In a phone call with Rolling Stone on Friday afternoon, Kurbatoff said there was “nothing at all that was underhanded” about the Kremers’ rally on Jan. 6. Kurbatoff specifically said he gets “a little upset” about allegations the pair were involved in plans to stage a march on the Capitol building.
“Amy and Kylie, we all were on the same page the day of the sixth, under no circumstances do we exercise anything with the Capitol because our permit specifically said … there will be nothing going to the Capitol. It was not for the Capitol, it was just for the Ellipse. You know, it was a successful event. Afterwards, you know, that just — you know, that’s history,” Kurbatoff explained, his voice trailing off as he acknowledged the violence that followed the rally.
Kurbatoff said he never saw the Kremers use “burner phones.” He attributed allegations the devices were used to people involved with the group who were “upset” they didn’t get to appear on the rally stage or weren’t paid more for their work.
“As far as burner phones, I’m not sure what the burner phones would have been used for because there was nothing nefarious going on,” Kurbatoff said. “I think you’ve got a couple people that have been scorned.… There’s some people that got scorned, and they were upset that they didn’t get their 15 minutes.”

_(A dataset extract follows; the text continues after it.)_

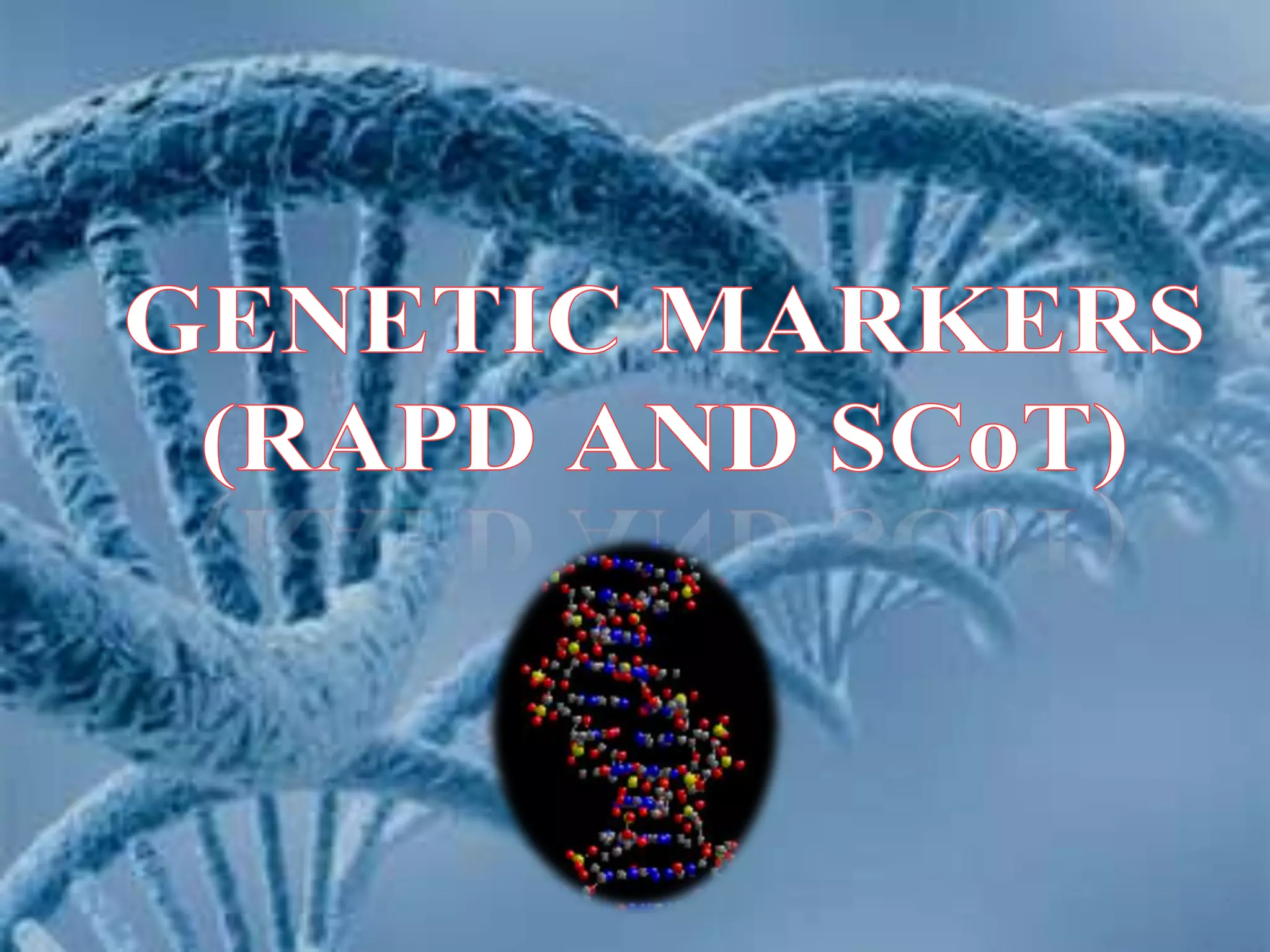 The document discusses genetic markers, particularly focusing on RAPD and SCOT techniques used in molecular biology for gene mapping and identification. RAPD, developed in the 1990s, is a PCR-based method with low costs and no need for species-specific probes, while SCOT is simpler and more reliable, utilizing longer primers for higher polymorphism. Both techniques are useful for applications in plant breeding, genetic diversity analysis, and QTL mapping.

Johnston said his text-message conversations with the Kremers stopped by March 15 of last year. On that day, in one of the March for Trump group chats, Johnston complained to the Kremers about an order of MyPillows — the brand headed by Trump ally Mike Lindell — that rally organizers were supposed to receive.
The dispute descended into Johnston accusing Kremer of taking him on a “weird and inappropriate” trip to go “bra shopping.” It appears Kremer subsequently removed him from the group chat.
“That was the last communication I ever had with Kylie Kremer,” Johnston said.